Долгой полярной ночью, когда даже в полдень на горизонте не светлеет небо, из глубоких темных пещер наверх выходят цверги — злобные уродливые карлики, которых люди когда-то прогнали под землю. Они не похожи на смешливых чахкли, живущих в холмах и курганах, они служат самой Смерти и не выносят солнечного света, холодный камень дает им силу и неуязвимость.

Они приходят в мир людей, чтобы мстить за изгнание, и не оставляют надежды вернуть себе землю, сковать ее вечной мерзлотой и навсегда погасить солнце. Цверги видят в темноте и в ночи безошибочно находят себе жертву — им нужна живая горячая плоть, они, как холодный камень, вытягивают тепло из человеческих тел одним прикосновением. Ближе к весне они воруют детей, чтобы забрать с собой под землю и до следующей зимы медленно пить их кровь и пожирать живую плоть.
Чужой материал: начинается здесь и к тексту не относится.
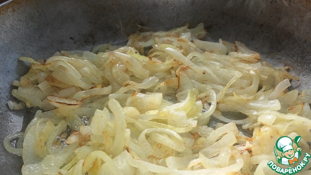 Лук порезать полукольцами и обжарить. Я жарила на взятом из бульона бараньем жире, можно это сделать на сливочном масле. Добавить к луку вареные ребрышки и обжарить их. Я ребрышки не жарила, а сразу положила в готовую полбу, но жареные будут вкуснее.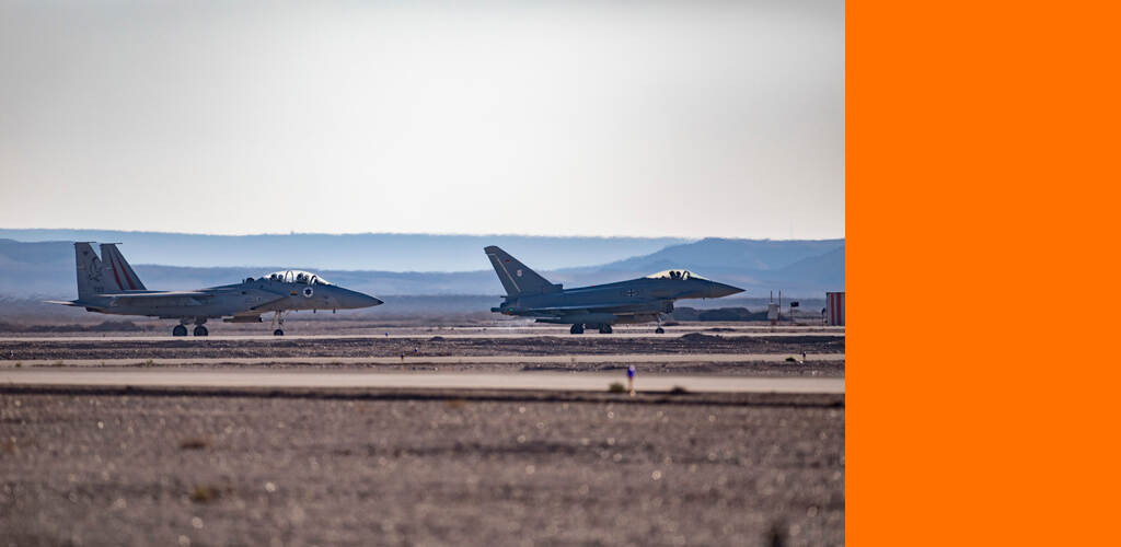 Een bijzondere foto: een Israëlische F-15 Eagle en Duitse Eurofighter samen op de startbaan van de Israëlische vliegbasis Uvda. De toestellen deden mee aan de grote luchtmachtoefening Blue Flag.

Случается так, что рассвет застает цверга далеко от его пещеры, обычно в жилищах людей, где он ищет себе жертву. Тогда цверг прячется от солнца в темных закоулках дома — подвалах, чуланах, шкафах — и не уйдет, пока не убьет хозяев и не заберет с собой их детей.

В детстве, совсем раннем, лет в пять-семь, Олаф боялся цвергов. Так, что иногда не мог спать по ночам. И потом, уже в школе, они с ребятами любили собираться в каком-нибудь темном местечке и рассказывать друг другу леденящие кровь сказки — истории про цвергов Олаф всегда считал самыми страшными. Чем старше они становились, тем реалистичней делались рассказы, из глупых побасенок превращаясь в былички. И вот уже не «один мальчик» пошел ночью к отхожему месту, а какой-нибудь Ладвик из Халле вышел на крыльцо, а утром был найден мертвым на ступеньках своего дома. И — непременно — ужас застыл на его лице, а врач констатировал смерть от переохлаждения, хотя ночь была тихой и теплой.

Случаи внезапной паники тоже приписывали цвергам, особенно если это случалось на суше, а не на катерах или плавучих островах. И в исчезновении людей, особенно детей, тоже винили цвергов.

Верить в цвергов смешно, еще смешнее их бояться. Но одинокий каменный остров с мерзлотой на дне как нельзя лучше подходит им для жизни…

 

Вскрытое, но неприбранное еще тело имеет свою роковую эстетику — как точка без возврата, окончательно проведенная черта между жизнью и смертью. Разобранный механизм — совершенный казалось бы — не собрать снова. Вместо сломанной куклы — грубая, склизкая и кровавая, скверно пахнущая проза жизни. Олаф, с одной стороны, спешил привести тело в порядок, с другой — хотел сделать это как можно лучше, вернуть хоть что-то от поруганной смертью (и вскрытием) красоты. Морозную эритему потом прикроют гримом…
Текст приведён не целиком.